A government doesn't have to compete like this if it holds the key to its market. If the rules are changed adequately you absolutely can say that they must pay to play, and pay what you ask.

A mail-order company like Amazon is a different beast in this respect, but something like Starbucks which has hundreds or thousands of physical locations can't just set up somewhere else if you set the rules right.



It sounds like you're saying that now that Starbucks has an entire infrastructure in the UK and therefore can't just set up somewhere else, you've got them by the short and curlies, so you can change the laws any which way you want to extract as much tax from them as you please.

Starbucks followed the law. You may not agree with the way they did it, or what the law says, but AFAICT nobody is arguing that they've done anything wrong (in the legal sense) right now.

The avoided taxes are corporate. All the VAT, taxes related to the jobs they've created (which are legion, as you yourself have admitted), local taxes (I am unfamiliar with how these work in the UK, but I presume they exist)... are still being paid. Starbucks is significantly improving the state of the coffers, and it's also minimizing how much it does so, as is its right and responsibility.


<i>The avoided taxes are corporate. All the VAT, taxes related to the jobs they've created (which are legion, as you yourself have admitted), local taxes (I am unfamiliar with how these work in the UK, but I presume they exist)... are still being paid.</i>

Amazon "sells" all the e-goods they can from a notional location in Luxembourg so that they can charge a 3% VAT rate on them. Small physical goods are / were shipped out of Jersey (although how many of them actually came from Jersey and how many were notionally shipped there and back again? Your guess is as good as mine...and I wouldn't put it past Amazon to push that little loophole as far as they possibly could) so that they incurred no VAT at all, until the government finally clamped down on that little scheme.

Trust me, if they can avoid the VAT, they will do so, and pocket the difference at the expense of local suppliers who can't afford the economies of scale that would permit them to set up these schemes.

And if you really think Starbucks artificially moving profits around by charging more than the market rate for coffee beans from it's own traders in a low-tax country is legal, I have a bridge to sell you. Unfortunately, the Inland Revenue just doesn't have the manpower to clamp down on the proliferation of ways in which companies can play these kind of "Hollywood Accounting" games, which is why some kind of alternate-minimum-tax approach is the only workable solution IMO. (Assuming you believe in corporation taxes in the first place of course, which is a whole separate kettle of fish!)


No, I'm saying that Starbucks operate coffee houses in the UK, as such they are operating a business within UK borders. Regardless of some status as a homeless multinational they are operating a coffee shop business within the UK.

It makes no sense to me that a local or national chain should be at a disadvantage because they pay corporation tax in the UK, when a multinational can essentially run the same business but spirit away the profits when tax-time comes around.

That's what I mean by the government holding the keys to the market, it should be possible to say that if you want to operate here and have access to our (clearly lucrative) market then you run by the same rules as everyone else, giving an honest account of the profit and loss made on the business in this country.

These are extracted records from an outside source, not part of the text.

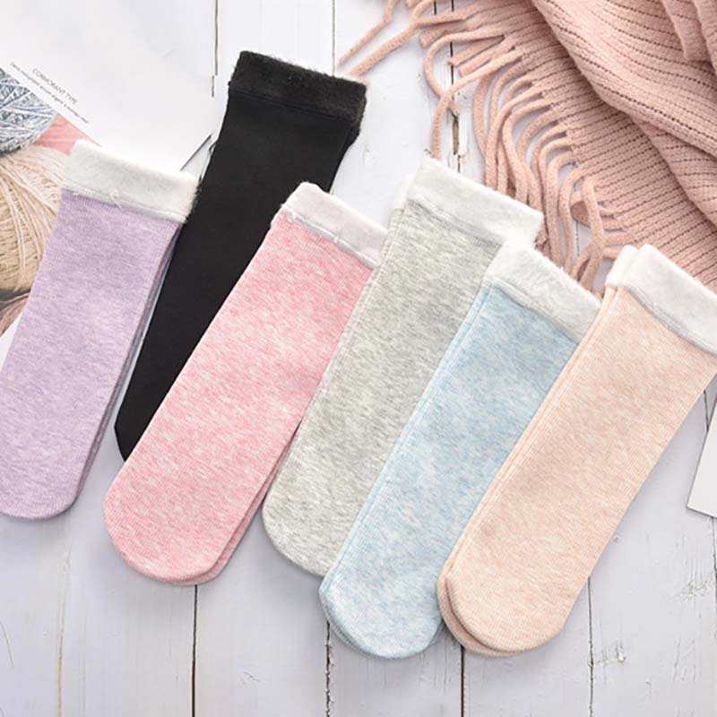 1 пара зимних утепленных чулок средней длины, хлопковые дышащие впитывающие пот носки-тапочки, однотонные сохраняющие тепло носки, женские носки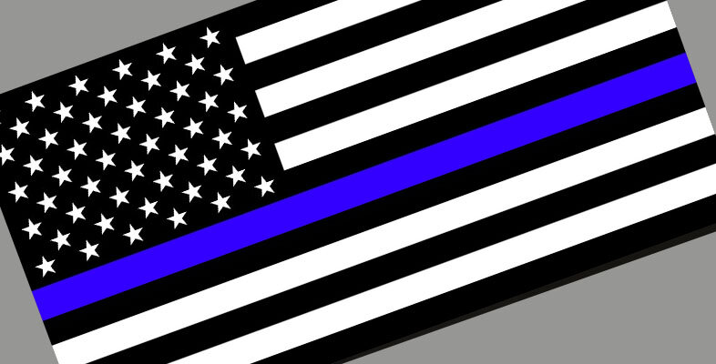 Это т.н. мемориальный флаг - его можно использовать дабы отдать дань уважения погибшим на службе, при исполнении. Флаг с синей полоской используется как флаг памяти о погибших в борьбе с преступностью полицейских (синий цвет - основной цвет униформы полиции).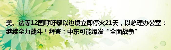 美、法等12国呼吁黎以边境立即停火21天,以总理办公室:继续全力战斗!拜登:中东可能爆发“全面战争”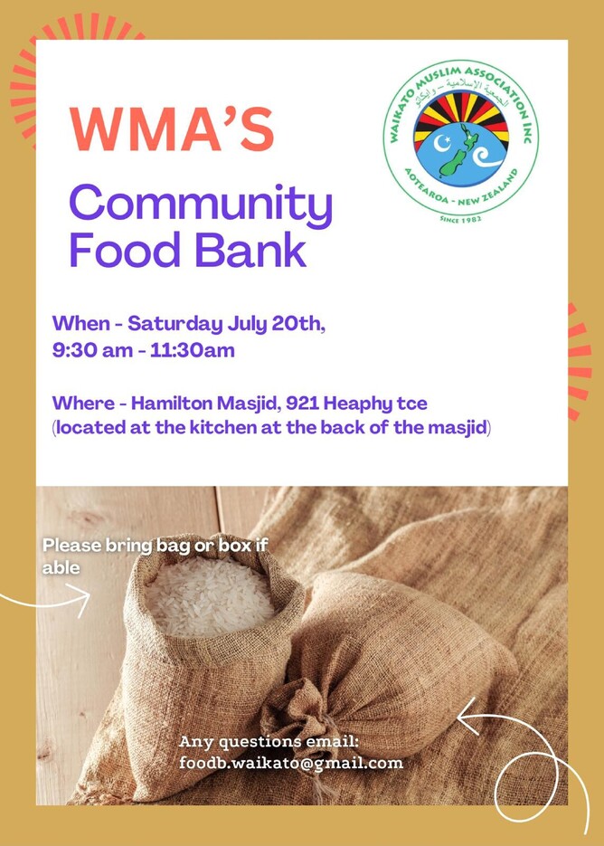 Inshallah we will be distributing food again on Saturday 20th July from 9:30 am to 11:30 am at Hamilton Masjid, 921 Heaphy Terrace, Claudelands.
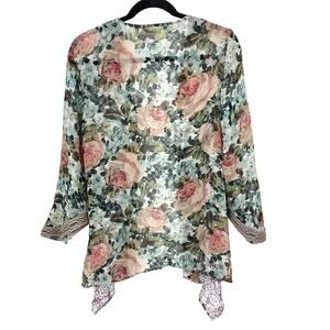 Soft Surroundings Georgette Blouse Open Front Womens Sz S Floral Semi Sheer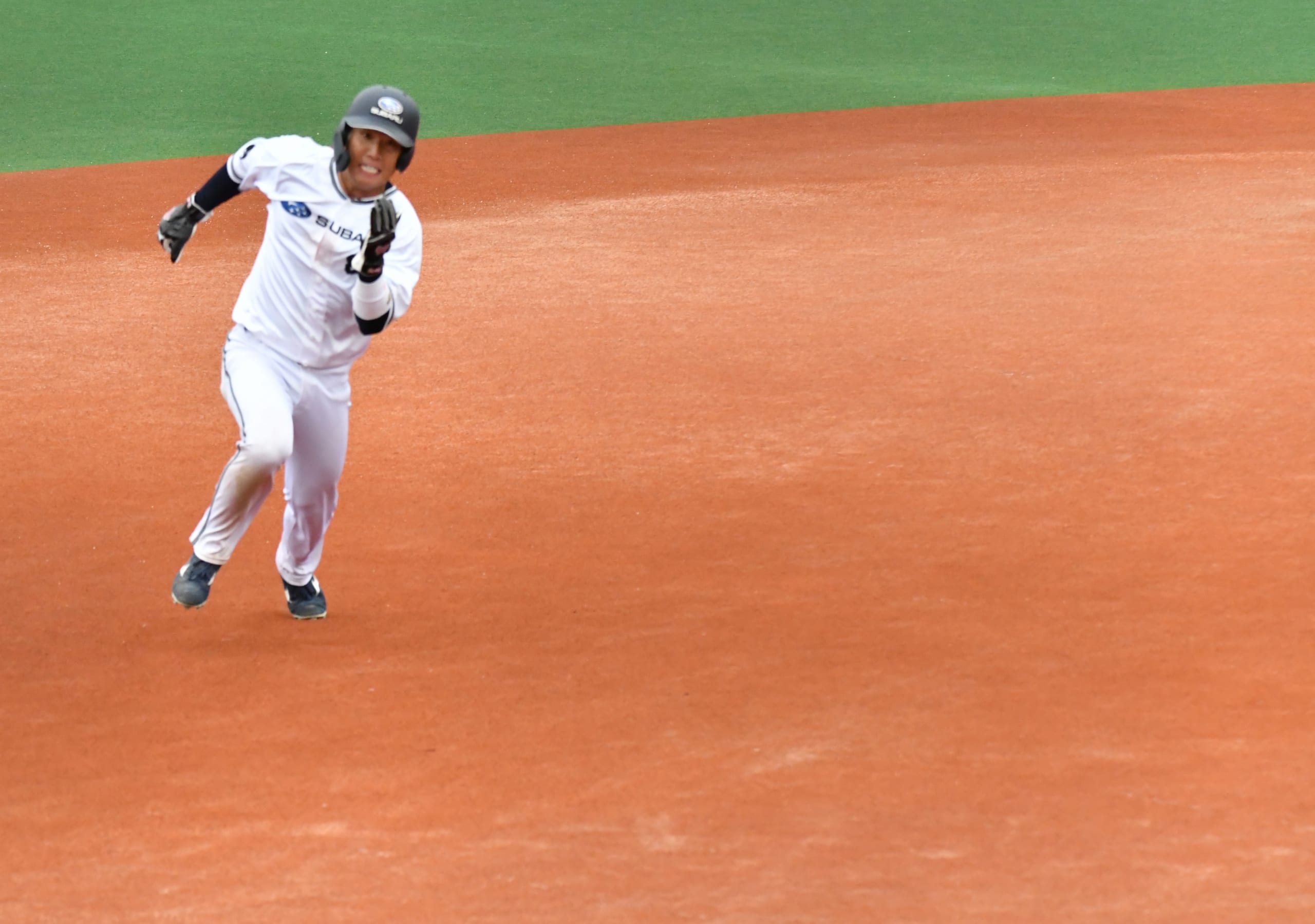 海老根選手、俊足ぶりを発揮し、全速力で3塁へ向かいます!

"The avoided taxes are corporate."

So? The corporation is operating a business in the UK.

VAT is a tax on the purchaser, not the company. PAYE is a tax on the employee, not the company. Yes, they pay 'business rates'. As they are required to. And no, I'm not suggesting what the are doing is illegal, I'm suggesting it should be made so.

The benefits of Starbucks operating the UK without paying corporation tax is debatable. Is it really improving the coffers if people would go for coffee anyway, in a place that does contribute back to the society it's operating in?


Excellent points. Thank you.


I agree ... And my original post states the laws should be changed. But why not change them in a way that maximizes the tax income and makes the country more favorable to corporations?


I don't think it's a bad idea in isolation, I'm just not sure it's a solution to the current problem. The race to the bottom that struck me is competing on being the place where the magic profit fairy makes her appearance.

I think both solutions would probably be great - fix the glaring problem that multinationals can avoid corporation tax though legislation (where local and national firms can't), AND then try to maximise take (and employment and all those other good things) by adjusting tax levels.

Sound good?

--edit-- if his is broadly in line with what you were saying from the word go then sorry for being an argumentative arse. Need more sleep...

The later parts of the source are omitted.